The local community is pressuring lawmakers to react. Seattle Mayor Ed Murray addressed Secretary of State John Kerry in a letter, urging him to meet with Washington state’s congressional representatives to develop a short-term emergency plan.

Murray’s letter asked for the two leaders to “discuss how to move toward a sustainable, longer-term framework for facilitating lawful money transfers through transparent channels.”

Terrorism in Somalia moved into the local public eye last year, when a group of women in Kent were charged with using MTOs to fund the terrorist group al-Shabaab.

“The larger Somali community only wants peace and unity,” SSA volunteer Roda Sugelle said. “It is unfair and unjust to make a community suffer because of these ludicrous people.”

It is clear that Somali-Americans can’t simply stop sending money home. Oxfam has expressed concern that currency channels will move underground, into the hands of criminal networks that seek to exploit the system, which is exactly what anti-terror regulations seek to prevent.

Mohamed described her grandma, who lives in a rural area of Somalia, and travels to the city to pick up her remittances, on which she is dependent.

“We have to find a way,” Mohamed said. “We can’t just stop sending money to our grandmas.”

Jonathan Scanlon, senior advocacy advisor at Oxfam America, met with the Senate offices of Patty Murray and Maria Cantwell on Monday. He said they have seen elected officials start to react.

Currently, there are several viable temporary solutions on the table. Possible options include the federal government creating special regulations that apply only to Somalia, or the U.S. Federal Reserve becoming the bank that handles these transactions.
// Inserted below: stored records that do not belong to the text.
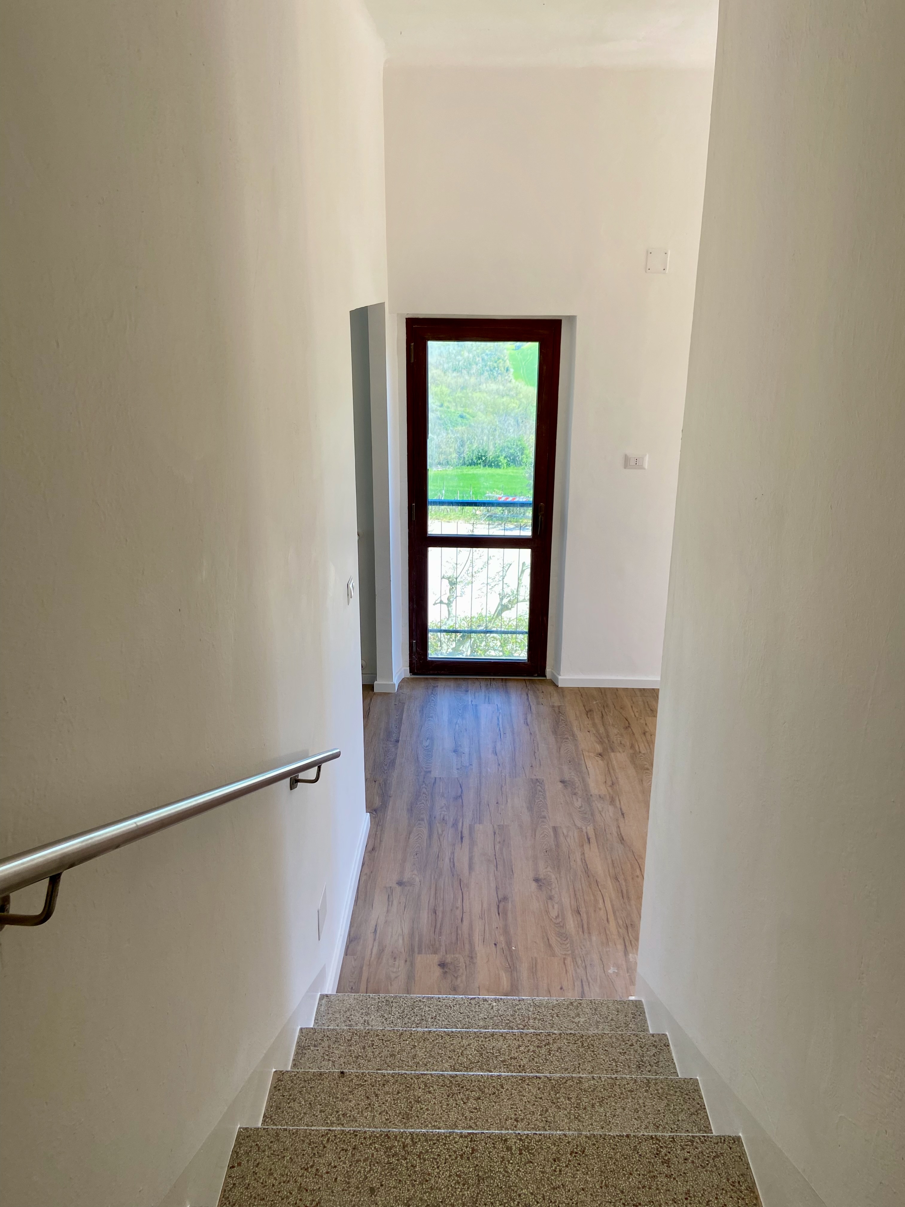 The third apartment, located on the first floor and accessed via an independent external staircase, extends to approximately 90 sqm; it offers a more private layout and comprises a living room, separate kitchen, storage room, two bedrooms and two bathrooms, further enhanced by a truly captivating panoramic terrace.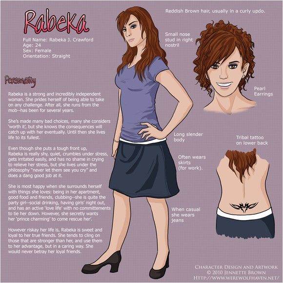 And after 3 years i finally got around to updating this. Reused an old pose since i don't have the time to draw a new picture of her. Some info like alternative outfits and hair were left out for the time being since she only has the one look for now. Will probably nuke that section all together and add character sketches of her in the future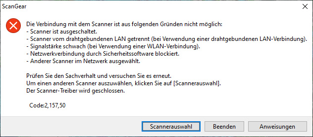 Anbei mal das Bild vom Fehler der dann 1 oder 2 Vorgängen auftritt (in diesem Fall nach dem Scannen: 1 mal gescannt, beim 2. Versuch direkt Fehler)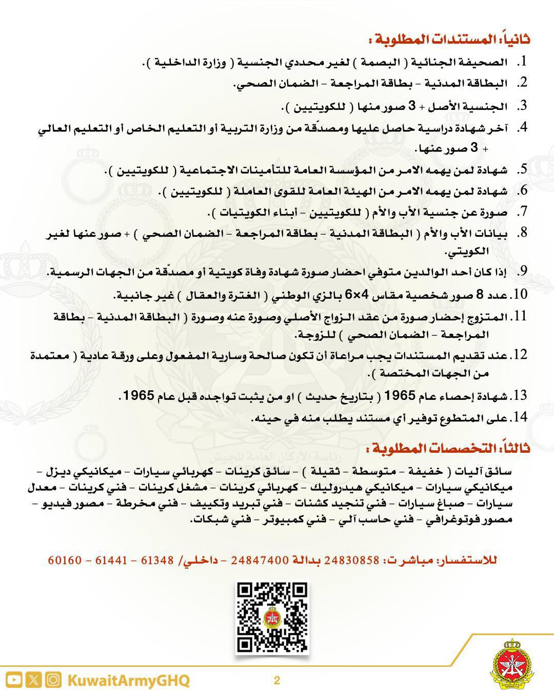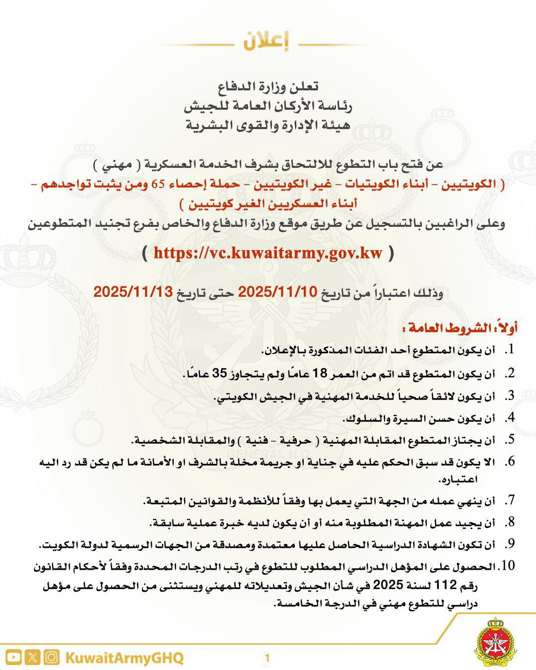 أعلنت رئاسة الأركان العامة للجيش «هيئة الإدارة والقوى البشرية»، اليوم الإثنين، عن فتح باب التطوع للالتحاق بشرف الخدمة العسكرية «مهني»، للكويتيين وأبناء الكويتيات وغير الكويتيين وحملة إحصاء 65 ومن ثبت تواجدهم وأبناء العسكريين غير الكويتيين».
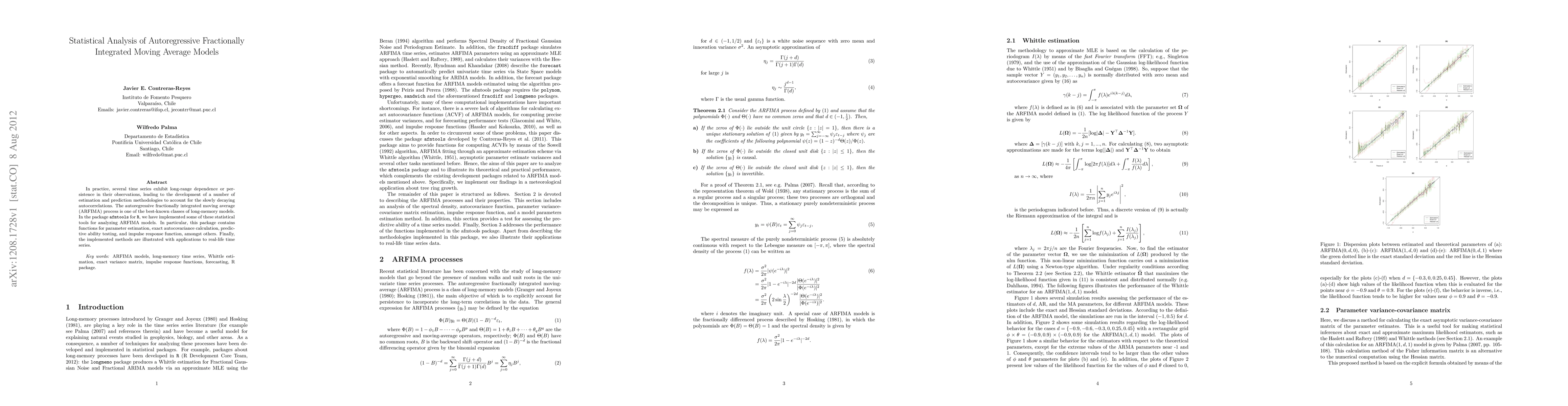The research focuses on statistical analysis of Autoregressive Fractionally Integrated Moving Average (ARFIMA) models, implementing various estimation and prediction methodologies for long-range dependent time series using the R package afmtools.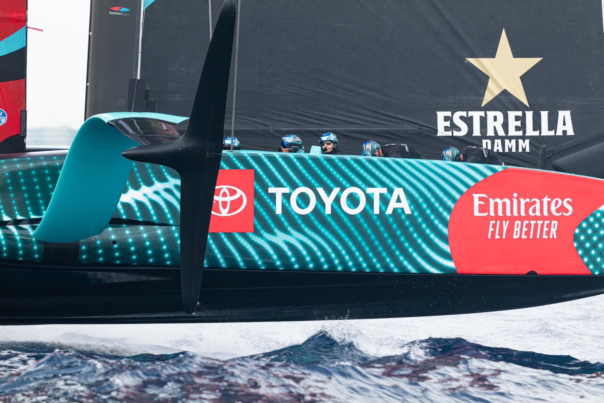 On-Water Recon Unit Notes – Emirates Team New Zealand: A forecast of light inconsistent breeze for this morning saw Emirates Team New Zealand set a 1430 dock out time for their second sailing session of the week aboard their AC75 in Barcelona. After rolling out on time at 1300 this afternoon, the Kiwi AC75 was rigged and launched by 1330 before – for reasons unknown – dock out was pushed back by 30 minutes to 1500. With the M1-3 mainsail and J3-6 headsail hoisted and two guests onboard, the boat left the harbour at 1522 and was soon foiling downwind in a 12-knot southerly breeze that kicked up a light chop that became mixed in with a long 0.5 metre swell from 060 that was left over from yesterday's stronger north easterly breeze.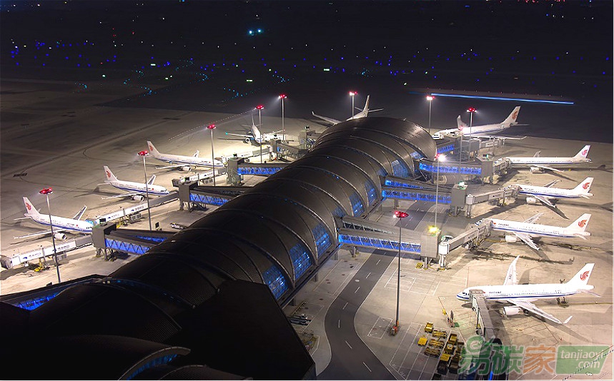 大力推行清潔能源的使用,在航站樓出口通道處,采用碲化鎘弱光發(fā)電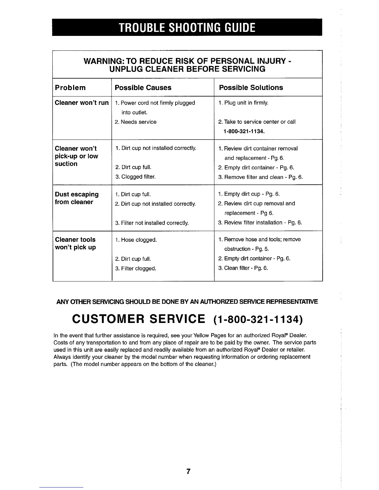 In the event that further assistance is required, see yourYellow Pages for an authorized Royala Dealer.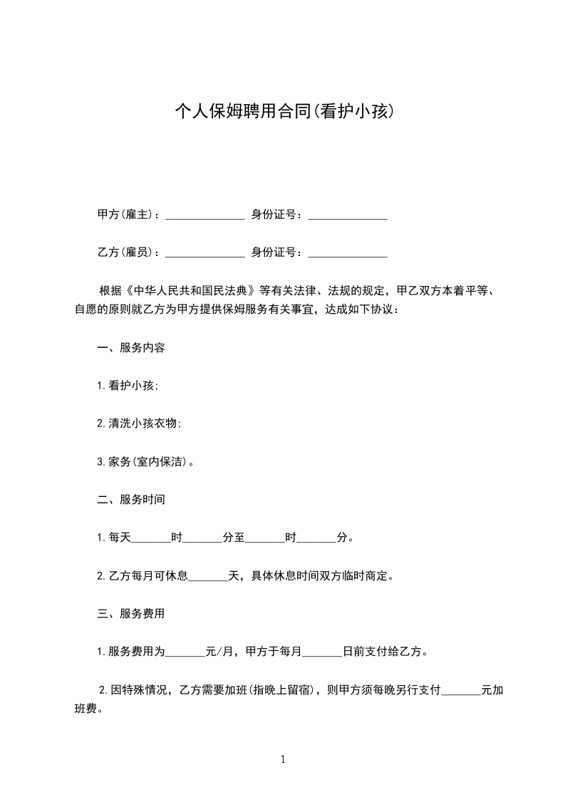 4.为保证甲方的家庭成员人身安全和财产安全,乙方的身份证自愿交由甲方保管,乙方工作期限满后,甲方应主动交还身份证。未经过甲方允许,乙方不能带外人到家中参观、住宿。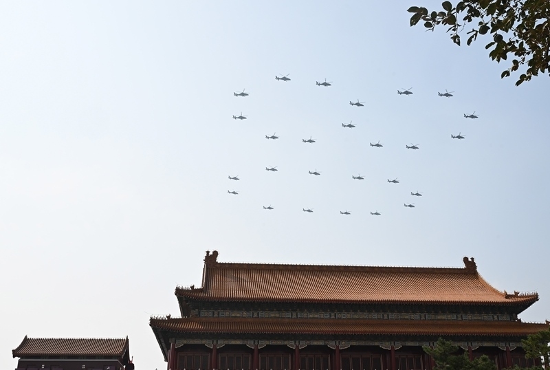 9月3日,紀念中國人民抗日戰(zhàn)爭暨世界反法西斯戰(zhàn)爭勝利80周年大會在北京隆重舉行。這是空中護旗梯隊接受檢閱。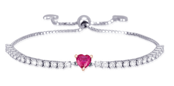 Bracciale in Argento 925/°°°, Zirconi e Rubino Sintetico a Cuore, lunghezza estendibile fino a 22cm.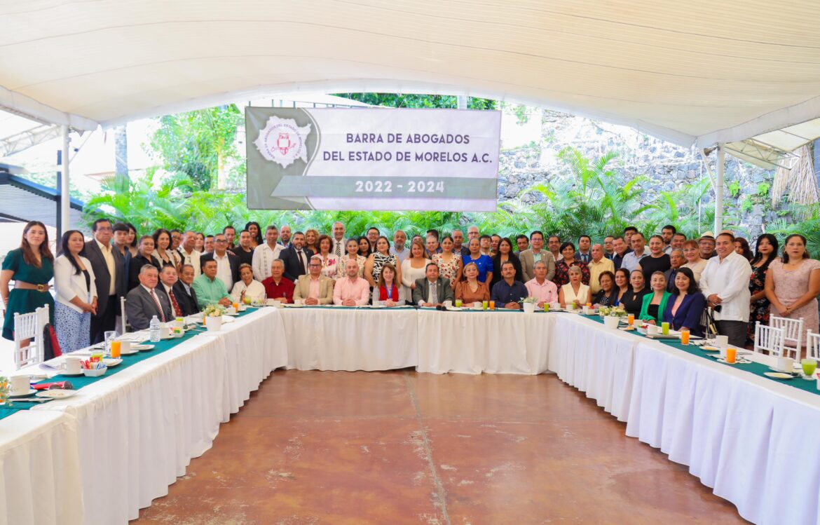 En compañía de Fabián García Ramírez y Laura Guadalupe Sánchez, respectivos presidente y vicepresidenta de la Barra de Abogados del Estado de Morelos A.C., González Saravia manifestó que con la participación de este gremio se ha forjado el desarrollo del estado, en los diversos órdenes de gobierno, dependencias y poderes por lo que su experiencia será fundamental para generar un marco legislativo humanista que promueva el bienestar social.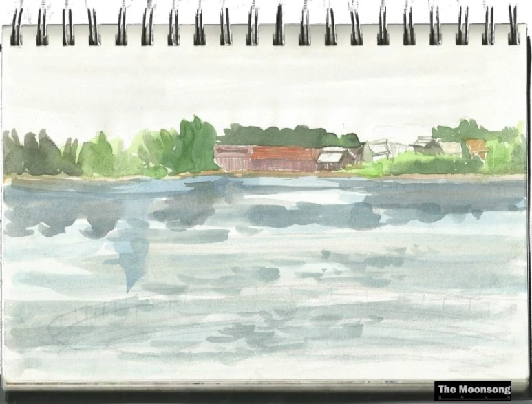 스케치를 하던 종이 위에 그대로 그려버린 앙가라강 저편. 스케치북 종이질이 좋지 않아서 지우지 못하고 남긴 연필자국. 자국을 더듬으며 그림을 그리던 그때를 더듬는다. 하염없이 하얗게 반사되는 수면을 바라보며 시간을 보내고 또 보냈었다. 나는 무얼 바라고 여기까지 왔는가. 여행이 끝나면 무엇을 해야할까. 어떻게 살고 싶은가. 마음 속 깊은 곳에서 차마 꺼내보지 못했던 질문들이 하나씩 고개를 들어 어지럽게 뒤엉켜도 수면은 한없이 잔잔했었다.

The most important thing students can do is put pressure on lawmakers, according to Scanlon. Citizens who write to their members of Congress are making this time-sensitive issue a priority. Social media is being used as a platform to raise awareness through hashtags like #Ifundfoodnotterror. Oxfam also has an online petition to keep Somalia’s lifeline open.

“I have hope for America,” Sugelle said. “I think of us as a nation that comes up with brilliant strategies to combat these problems, instead of isolating minorities.”